It was there in a sort of crevice, where the natural fall of the crumbling rocks had formed a shelter, that Courtland dropped upon his knees. Not as a spot he had been seeking for, but as a haven to which he had been led. He knelt, and all that Pat, standing, awed and uncovered, a few feet below, heard, was:
“O God! O God!”
He knelt there a long time, while Pat waited below, trying to think what to do. The sun was beginning to sink, and a soft, pink summer light was glinting over the brown rocks and bits of moss and grasses. The young leaves waved lightly overhead like children dancing in the morning, and something of the sweetness and beauty of the scene crept into Pat McCluny’s soul as he stood and waited before this Gethsemane gate for a man he loved to come forth.
At last he stepped up the rocks quietly and came and stood by Courtland, laying a gentle hand upon his shoulder. “Come on, old man, it’s getting late. About time we were going back!”

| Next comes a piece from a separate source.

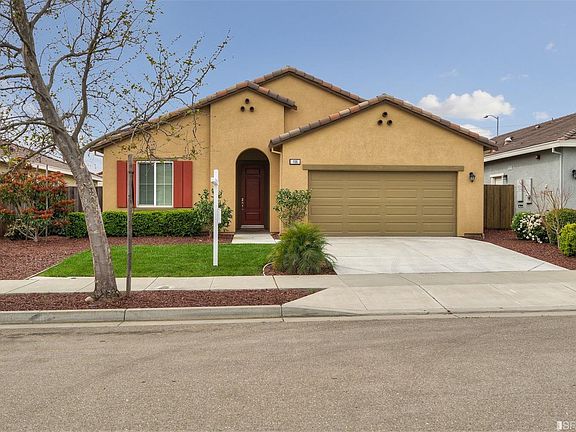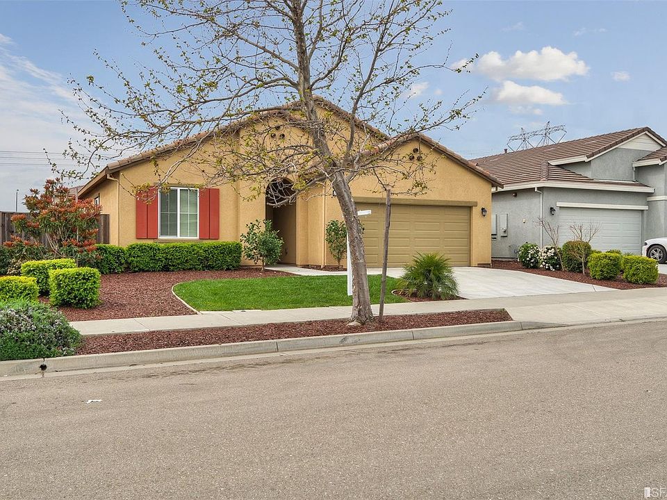 Impressive and modern with abundant natural light throughout, this 3 bedroom, 2 bath home is not to be missed. The beauty of this property begins at the curb: the newly landscaped, manicured front yard is an oasis all its own, with a lush lawn is surrounded by neatly trimmed hedges, trees and shrubs. A tiled, peaked roof, red shutters and a graceful arched entry lend charm and whimsy to the delightful exterior. Inside, the welcoming, beautifully tiled foyer opens into rooms in all directions: two large, tranquil bedrooms with plentiful storage; an updated full bath with soaring ceilings, a vanity and fine fixtures; a laundry room tucked away behind frosted glass doors, and a 2-car garage. The spacious, open-plan living room is the heart of the home, with an expansive seating area embraced by windows overlooking the greenery outside. In the dining area, sliding glass doors lead to a generous backyard with a paved, partially covered patio, planted grass and shrubbery.

Courtland got up and looked at him in a dazed way, as if his soul had been bruised and he was only just recovering consciousness. Without a word he turned and followed Pat back again to the city. They did not talk on the way back. Pat whistled a little, that was all.
When they reached the gates of the university Courtland turned and put out his hand, speaking in his own natural tone: “Thanks awfully, old chap! Sorry to have made you all this trouble!”
“That’s all right, pard,” said Pat, huskily, grasping the hand in his big fist. “I saw you were up against it and I stuck around, that’s all!”
“I sha’n’t forget it!”
They parted to their rooms. It was long past suppertime. Pat went away by himself to think.
Over and over again to himself Courtland was saying, as he came to himself and began to realize what had come to him: “It isn’t so much that I have lost her. It is that she should have done it!”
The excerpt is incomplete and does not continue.